**DATA:**
● ● ● ● ●

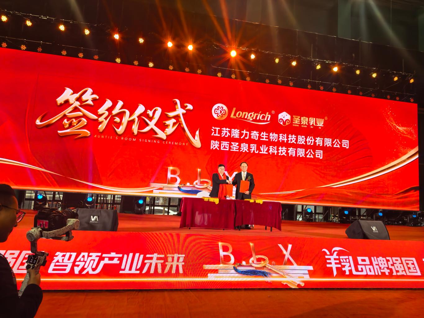 凭借备受国内外高度重视第32届杨凌农高会和第五届国际奶羊工业高质量开展大会成功举行的微弱春风,由陕西省乳品工业协会主办,江苏隆力奇生物科技股份有限公司和陕西圣泉乳业科技有限公司在杨凌网球中心一起承办了“羊乳品牌强国,智领工业未来”中外专家论坛暨新质配方羊奶产品推介会。   有6500多名来自全国各地的羊奶经销商和消费的人参加了本次推介会,陕西省乳品工业协会荣誉会长郑子国高级工程师、协会副会长张富新教授、副秘书长张琦秘书长到会大会,郑会长和江苏隆力奇生物科技股份有限公司董事长徐之伟先生、陕西圣泉乳业科技有限公司董事长胡智教授、国际山羊协会原主席代表协会为大会致辞,西北农林科技大学曹斌云教授以遍及全民喝羊奶,健旺一切我国人为题做科普陈述,陕西省商场局向军处长以强化羊乳产品质量安全,促进陕西千亿羊乳高质量开展为题做专题陈述,两位90多岁的羊奶长命老人在大会上共享了喝羊奶促进健康长命的经历,在本次推介会产生了轰动效应。   在推介会上陕西圣泉乳业科技有限公司和江苏隆力奇生物科技股份有限公司签订了5亿元的产销订单,陕西省乳品工业协会别离颁发颁发江苏隆力奇生物科技股份有限公司倍菜鲜品牌”的元宝枫益生菌多肽羊乳粉产品质量金奖;江苏隆力奇生物科技股份有限公司倍菜鲜品牌”的白云豆提取物乳酸菌运动营养食品配方立异金奖;陕西圣泉乳业科技有限公司“羙樂玺”品牌有机纯羊奶粉获产品质量金奖,陕西乳品工业协会还颁发孙建、赵娟、王世桂“羊乳商品商场开发杰出贡献奖”。   在第五届国际奶羊工业高质量开展大会开形式,江苏隆力奇生物科技股份有限公司与陕西圣泉乳业和陕西博铃乳业还签订了10亿元的产销订单,成为大会助推陕西千亿羊乳工业的一张靓丽手刺。   圣泉乳业、隆力奇等企业一起举行本次6500人羊乳品牌推介会,关于强化陕西羊乳产品的产销对接,实现以销促产,以产富民的方针,助推陕西千亿羊乳工业的高水平质量的开展,提高公司的知名度与影响力具有巨大的推进效果。
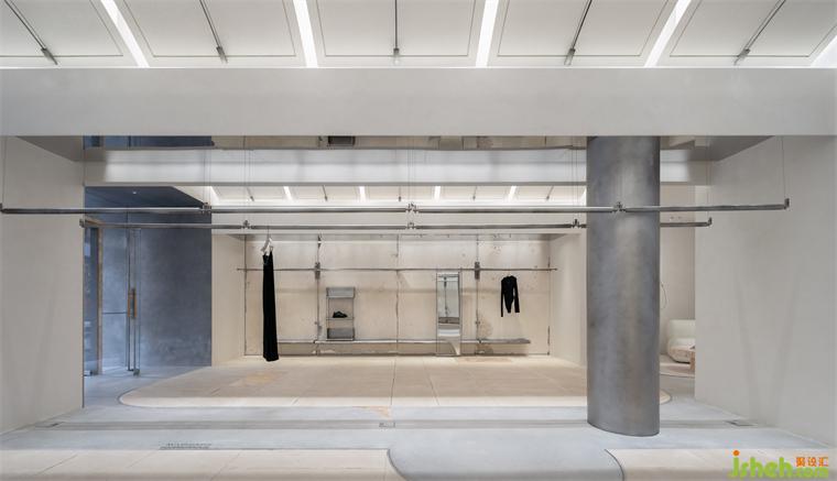 中场区域,展厅设计以缝纫机的穿插交织为设计灵感,引入两两一组的悬挂系统,满足于 1200mm– 2400mm区间内不同高度的调节,适配品牌不同季时装展示的需求。
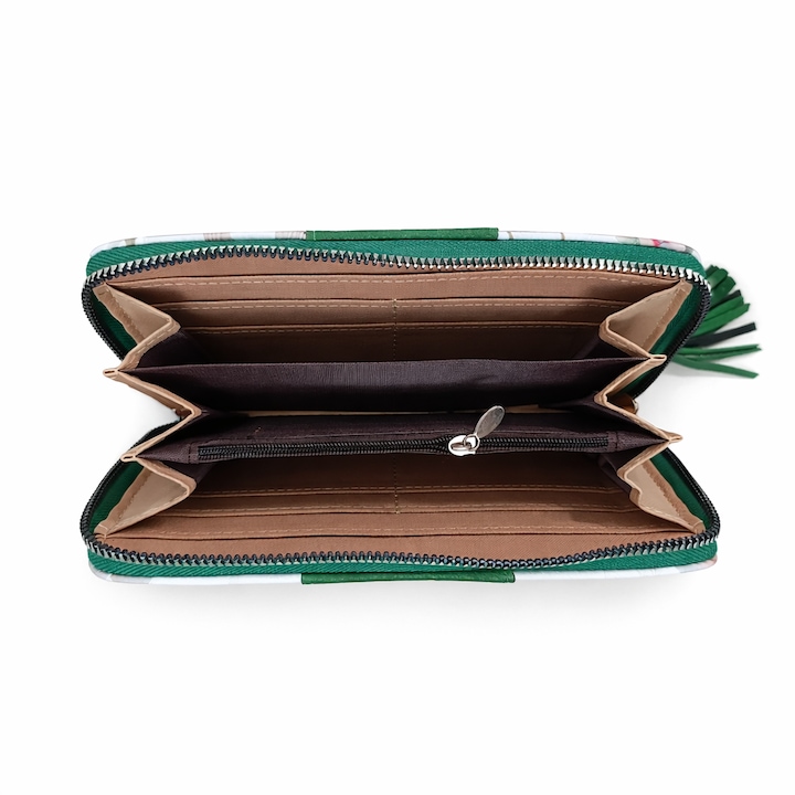 - Portofel lung tip zip-around, spatios, cu compartimente pentru carduri, bancnote si monede, dimensiune 20 x 10 x 3,5 cm

● ● ● ● ●

**WORK REQUEST:**
Faithful copy, images left out: write out every line of data.

**TASK OUTPUT:**
 凭借备受国内外高度重视第32届杨凌农高会和第五届国际奶羊工业高质量开展大会成功举行的微弱春风,由陕西省乳品工业协会主办,江苏隆力奇生物科技股份有限公司和陕西圣泉乳业科技有限公司在杨凌网球中心一起承办了“羊乳品牌强国,智领工业未来”中外专家论坛暨新质配方羊奶产品推介会。   有6500多名来自全国各地的羊奶经销商和消费的人参加了本次推介会,陕西省乳品工业协会荣誉会长郑子国高级工程师、协会副会长张富新教授、副秘书长张琦秘书长到会大会,郑会长和江苏隆力奇生物科技股份有限公司董事长徐之伟先生、陕西圣泉乳业科技有限公司董事长胡智教授、国际山羊协会原主席代表协会为大会致辞,西北农林科技大学曹斌云教授以遍及全民喝羊奶,健旺一切我国人为题做科普陈述,陕西省商场局向军处长以强化羊乳产品质量安全,促进陕西千亿羊乳高质量开展为题做专题陈述,两位90多岁的羊奶长命老人在大会上共享了喝羊奶促进健康长命的经历,在本次推介会产生了轰动效应。   在推介会上陕西圣泉乳业科技有限公司和江苏隆力奇生物科技股份有限公司签订了5亿元的产销订单,陕西省乳品工业协会别离颁发颁发江苏隆力奇生物科技股份有限公司倍菜鲜品牌”的元宝枫益生菌多肽羊乳粉产品质量金奖;江苏隆力奇生物科技股份有限公司倍菜鲜品牌”的白云豆提取物乳酸菌运动营养食品配方立异金奖;陕西圣泉乳业科技有限公司“羙樂玺”品牌有机纯羊奶粉获产品质量金奖,陕西乳品工业协会还颁发孙建、赵娟、王世桂“羊乳商品商场开发杰出贡献奖”。   在第五届国际奶羊工业高质量开展大会开形式,江苏隆力奇生物科技股份有限公司与陕西圣泉乳业和陕西博铃乳业还签订了10亿元的产销订单,成为大会助推陕西千亿羊乳工业的一张靓丽手刺。   圣泉乳业、隆力奇等企业一起举行本次6500人羊乳品牌推介会,关于强化陕西羊乳产品的产销对接,实现以销促产,以产富民的方针,助推陕西千亿羊乳工业的高水平质量的开展,提高公司的知名度与影响力具有巨大的推进效果。
 中场区域,展厅设计以缝纫机的穿插交织为设计灵感,引入两两一组的悬挂系统,满足于 1200mm– 2400mm区间内不同高度的调节,适配品牌不同季时装展示的需求。
 - Portofel lung tip zip-around, spatios, cu compartimente pentru carduri, bancnote si monede, dimensiune 20 x 10 x 3,5 cm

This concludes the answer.